Note that MotionPlan.close() or motionplanning.destroy() must be called to free memory after you are done.

Initializes a plan with a given CSpace and a given type. Optionally, planner options can be set via keyword arguments.

Valid values for type are:

  • ‘prm’: the Probabilistic Roadmap algorithm
  • ‘rrt’: the Rapidly Exploring Random Trees algorithm
  • ‘sbl’: the Single-Query Bidirectional Lazy planner
  • ‘sblprt’: the probabilistic roadmap of trees (PRT) algorithm with SBL as the inter-root planner.
  • ‘rrt*’: the RRT* algorithm for optimal motion planning
  • ‘prm*’: the PRM* algorithm for optimal motion planning
  • ‘lazyprm*’: the Lazy-PRM* algorithm for optimal motion planning
  • ‘lazyrrg*’: the Lazy-RRG* algorithm for optimal motion planning
  • ‘fmm’: the fast marching method algorithm for resolution-complete optimal motion planning
  • ‘fmm*’: an anytime fast marching method algorithm for optimal motion planning

(this list may be out-of-date; the most current documentation is listed in src/motionplanning.h)

addMilestone(x)[source]

Manually adds a milestone and returns its index

close()[source]

This method must be called to free the memory associated with the planner. Alternatively, motionplanning.destroy() can be called to free all previously constructed CSpace and MotionPlan objects.

getPath(milestone1=None, milestone2=None)[source]

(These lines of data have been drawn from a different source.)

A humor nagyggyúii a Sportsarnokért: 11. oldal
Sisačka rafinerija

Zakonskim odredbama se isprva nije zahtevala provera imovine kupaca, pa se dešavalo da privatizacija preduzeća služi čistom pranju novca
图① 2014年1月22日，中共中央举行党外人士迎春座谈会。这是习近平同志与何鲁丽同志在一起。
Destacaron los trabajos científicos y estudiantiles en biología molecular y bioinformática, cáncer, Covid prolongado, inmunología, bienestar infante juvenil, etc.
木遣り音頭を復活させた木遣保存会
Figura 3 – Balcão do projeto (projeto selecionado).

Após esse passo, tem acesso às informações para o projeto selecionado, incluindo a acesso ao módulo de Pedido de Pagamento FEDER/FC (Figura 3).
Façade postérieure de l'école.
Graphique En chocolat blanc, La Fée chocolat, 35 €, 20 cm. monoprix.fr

Returns the path between the two milestones. If no arguments are provided, this returns the path between the start and goal.

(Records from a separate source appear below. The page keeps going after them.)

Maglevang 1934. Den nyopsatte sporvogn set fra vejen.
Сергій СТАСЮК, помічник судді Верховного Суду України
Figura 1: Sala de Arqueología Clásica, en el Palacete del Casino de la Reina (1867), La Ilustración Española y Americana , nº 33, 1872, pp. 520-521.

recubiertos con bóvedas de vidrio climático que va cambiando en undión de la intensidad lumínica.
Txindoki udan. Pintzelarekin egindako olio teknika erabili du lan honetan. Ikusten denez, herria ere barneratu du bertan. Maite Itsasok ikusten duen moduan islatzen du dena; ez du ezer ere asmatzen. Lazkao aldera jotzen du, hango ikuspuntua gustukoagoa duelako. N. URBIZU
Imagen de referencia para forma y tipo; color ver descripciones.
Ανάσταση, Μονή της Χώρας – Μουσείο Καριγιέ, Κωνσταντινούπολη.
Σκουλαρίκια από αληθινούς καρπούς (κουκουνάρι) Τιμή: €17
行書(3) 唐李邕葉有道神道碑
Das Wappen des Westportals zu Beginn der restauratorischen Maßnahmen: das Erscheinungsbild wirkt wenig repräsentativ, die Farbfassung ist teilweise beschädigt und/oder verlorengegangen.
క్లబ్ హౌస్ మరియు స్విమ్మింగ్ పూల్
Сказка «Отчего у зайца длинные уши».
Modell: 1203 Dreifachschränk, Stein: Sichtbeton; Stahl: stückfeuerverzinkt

The path is a list of configurations (each configuration is a Python list).

getRoadmap()[source]

Returns a graph (V,E) containing the planner’s roadmap.

V is a list of configurations (each configuration is a list of floats) and E is a list of edges (each edge is a pair (i,j) indexing into V).

getStats()[source]

Returns a dictionary mapping statistic names to values. Result is planner-dependent

planMore(iterations)[source]

Performs a given number of iterations of planning.

setEndpoints(start, goal)[source]

Sets the start and goal configuration or goal condition.

Parameters:
  • start (list of floats) – start configuration
  • goal (list of floats, function, or pair of functions) –

    defines the goal condition. Can be:

    • a configuration: performs point-to-point planning.
    • a function: the goal is a set, and goal is a 1-argument function f(q) that returns true if the configuration q is at in the goal set and false otherwise.
    • a pair of functions (f,s): f(q) tests whether the configuration is at the goal, and s() generates a new sample in the goal set.
static setOptions(**opts)[source]

Sets a numeric or string-valued setting for the next constructed planner. Arguments are specified by key-value pair.

Valid keys are:

  • “knn”: k value for the k-nearest neighbor connection strategy (used in PRM)
  • “connectionThreshold”: a milestone connection threshold
  • “perturbationRadius”: (for RRT and SBL)
  • “bidirectional”: 1 if bidirectional planning is requested (used in RRT)
  • “grid”: 1 if a point selection grid should be used (used in SBL)
  • “gridResolution”: resolution for the grid, if the grid should be used (used in SBL with grid, FMM, FMM*)
  • “suboptimalityFactor”: allowable suboptimality (used in RRT*, lazy PRM*, lazy RRG*)
  • “randomizeFrequency”: a grid randomization frequency (for SBL)
  • “shortcut”: nonzero if you wish to perform shortcutting to improve a path after a first plan is found.
  • “restart”: nonzero if you wish to restart the planner to get progressively better paths with the remaining time.
  • “pointLocation”: a string designating a point location data structure. “kdtree” is supported, optionally followed by a weight vector (used in PRM, RRT*, PRM*, LazyPRM*, LazyRRG*)
  • “restartTermCond”: used if the “restart” setting is true. This is a JSON string defining the termination condition (default value: “{foundSolution:1;maxIters:1000}”)

(this list may be out-of-date; the most current documentation is listed in Klampt/Python/klampt/src/motionplanning.h)

An exception may be thrown if an invalid setting is chosen.